А у того конь споткнулся на комьях вспаханной земли и упал на передние ноги. Тут же Даго поравнялся со всадником и одним ударом отделил его голову от туловища. Друг рядом с ним оказались люди Спицимира. Даго остановил их громким криком: «стой!». Зачем гнаться за кем-то, если на поле боя остался человек с отрубленной рукой. Он расскажет, кто были те люди, которые покушались на жизнь Пестователя.
На место сражения вернулись шагом. Только воин на окровавленном снегу был уже мертв. Это кто-то из людей Спицимира, видя, что враг не может защищаться, добил его ударом копья в горло.
— И кто они такие? Кто их наслал?
Даго говорил с трудом, с трудом захватывая воздух в легкие..
— Это кто-то из богачей, господин. У всех хорошие лошади и справное оружие.
— А вы откуда здесь взялись?
— Староста Спицимир говорил нам, что слишком много воинов сопровождало тебя на охоте. Слишком многие знали, что ты сам бываешь у седельщика.
Один из воинов Спицимира, с черными, вислыми усами, с упругими и быстрыми движениями, соскочил с коня и подошел к какому-то из убитых.
— Ты, господин, положил трупом четырех. Выходит, это правда, что ты родом из великанов, — сказал он. Затем склонился над обезглавленным трупом и отрезал у того кошель с пояса. Разорвал завязки и высыпал себе на ладонь золотые солиды и серебряные динары. — Погляди, господин. Это не бедняк, не обычный разбойник, что шастает на дорогах. Приглядись, господин, к их одежде, их кольчугам, мечам. А лошади? Хорошо ухоженные и красивые…
Пестователь лишь кивнул.
— А вы не распознали лиц кого-либо из тех, что лежат там, либо тех, кто сумел сбежать?
Воины отрицательно покачали головами. Тогда Даго обратился к воину, срезавшему кошель:
— Как тебя зовут?
— Ченстох, господин.
— Получишь от меня награду: станешь лестком и теперь станешь везде меня сопровождать.
— Давайте завезем убитых в Гнездо и выставим их тела на торге, — предложил Ченстох. — Глядишь, кто-то их и узнает.
Только Даго распорядился иначе:
— Снимите с них доспехи, заберите кошели, отловите разбежавшихся лошадей. Продайте все в Гнезде. Все что заработаете — ваше. Но никто не может узнать о том, что здесь со мною случилось. Даже мои лестки, стоящие сейчас лагерем в Медвежьем Овраге.
— Неужто не желаешь ты, господин, узнать имя предателя, что наслал убийц на тебя? — удивился Ченстох.

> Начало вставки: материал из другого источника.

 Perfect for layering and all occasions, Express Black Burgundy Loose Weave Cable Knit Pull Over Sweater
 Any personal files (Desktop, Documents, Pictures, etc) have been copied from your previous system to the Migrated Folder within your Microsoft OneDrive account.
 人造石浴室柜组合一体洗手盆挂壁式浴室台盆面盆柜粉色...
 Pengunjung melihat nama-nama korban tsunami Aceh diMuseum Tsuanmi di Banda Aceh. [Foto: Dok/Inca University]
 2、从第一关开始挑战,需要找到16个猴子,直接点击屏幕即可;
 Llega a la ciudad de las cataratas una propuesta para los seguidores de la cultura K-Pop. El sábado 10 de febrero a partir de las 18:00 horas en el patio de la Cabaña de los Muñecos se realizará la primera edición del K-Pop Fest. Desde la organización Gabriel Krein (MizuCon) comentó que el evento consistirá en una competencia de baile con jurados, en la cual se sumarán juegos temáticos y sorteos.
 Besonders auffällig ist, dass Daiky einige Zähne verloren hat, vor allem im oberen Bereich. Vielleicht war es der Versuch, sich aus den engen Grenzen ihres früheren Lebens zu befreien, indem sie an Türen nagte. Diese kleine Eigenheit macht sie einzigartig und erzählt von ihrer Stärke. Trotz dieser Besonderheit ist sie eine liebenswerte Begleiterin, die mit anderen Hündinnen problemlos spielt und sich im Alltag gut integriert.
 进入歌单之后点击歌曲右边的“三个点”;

— Трупы убитых затащите в дом седельщика. Если он сам и его невольницы мертвы, выведите лошадей и скотину. А всю хижину с покойниками спалите. Очень многие меня ненавидят, многие желают мне смерти. Я сам выберу для себя имя изменника, сам подниму на него меч. — Задумался Даго, а через мгновение прибавил, заставляя воинов удивиться еще сильнее: — Это хорошо случилось, что на меня напали. Ведь я разленился, предался разврату, вместо того, чтобы крепче держать меч в руке. Ибо бывает такое, что неважно, кто конкретно желает твоей смерти, главное: кому я желаю смерти.
Сказав это, он галопом покакал в сторону Медвежьего Оврага, а воины занялись исполнением его приказов. И когда Даго еще тем же днем, возвращаясь в Гнездо с лестками, увидал на небе облако черного дыма, это означало, что в хижине седельщика все были убиты наемными убийцами, даже невольницы.

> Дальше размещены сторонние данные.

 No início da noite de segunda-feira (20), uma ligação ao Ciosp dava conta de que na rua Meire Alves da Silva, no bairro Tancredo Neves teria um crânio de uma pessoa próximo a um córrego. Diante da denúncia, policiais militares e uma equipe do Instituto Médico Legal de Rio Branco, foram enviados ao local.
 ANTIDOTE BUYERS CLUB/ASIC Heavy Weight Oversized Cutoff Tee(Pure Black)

— А ведь горит там, где дом седельщика, — обратил внимание Даго один из лестков.
Тот лишь пожал плечами и даже не глянул в ту сторону.
На следующий день утром канцлер Херим попросил разрешения поговорить с Даго:
— Трех красивых невольниц держал для тебя седельщик, господин мой. Говорят, будто бы ты приказал убить седельщика и тех женщин, после чего приказал сжечь их хутор.
— Это бремя вины, Херим, я возьму на себя, — мирно ответил Даго.
— Ты не веришь мне, господин, — печально сказал Херим.
— Так учили меня из Книги Громов и Молний в главе об осуществлении власти: «И не будешь верить отцу своему, и матери своей, а прежде всего — детям собственным и всякому, который слишком уж к тебе приблизится». Почему же забыл ты, Херим, что зимовать я должен был у богачей Дунинов в Познании, их хлеб есть, их вино и пиво пить, охотиться и веселиться с ними? Вышли немедленно туда гонца, пускай готовят для меня и моей челяди достойные комнаты и теплые местечки для пятидесяти лестков, которых я с собой заберу. И тебе пускай достойные палаты приготовят, поскольку нравится мне, когда ты не только при мне, но и со мною. Еще возьму я с собой Спицимира и пять десятков его воинов в черных плащах. Ведь ты у меня Десница Справедливости, а он — Шуйца Справедливости. В Гнезде же останется Зифика и Ящолт, который станет управителем Гнезда. Им я дам сто пятьдесят лестков м две сотни щитников. Как ты считаешь, не мало ли это, чтобы Гнездо оставалось в безопасности?
— Гнездо будет в безопасности. Но только не ты, господин, в граде Дунинов. Легко будет им пронзить тебя мечом или отравить. В Познании нельзя будет тебе заснуть, не обнажив предварительно своего меча. Но ведь у тебя столько богатеев. Зимуй у Авданцев, зимуй у Палуки, но только не в доме наибольших твоих врагов, которые никогда ни тебе, ни мне не забудут, что мы погубили их родичей, Лебедей.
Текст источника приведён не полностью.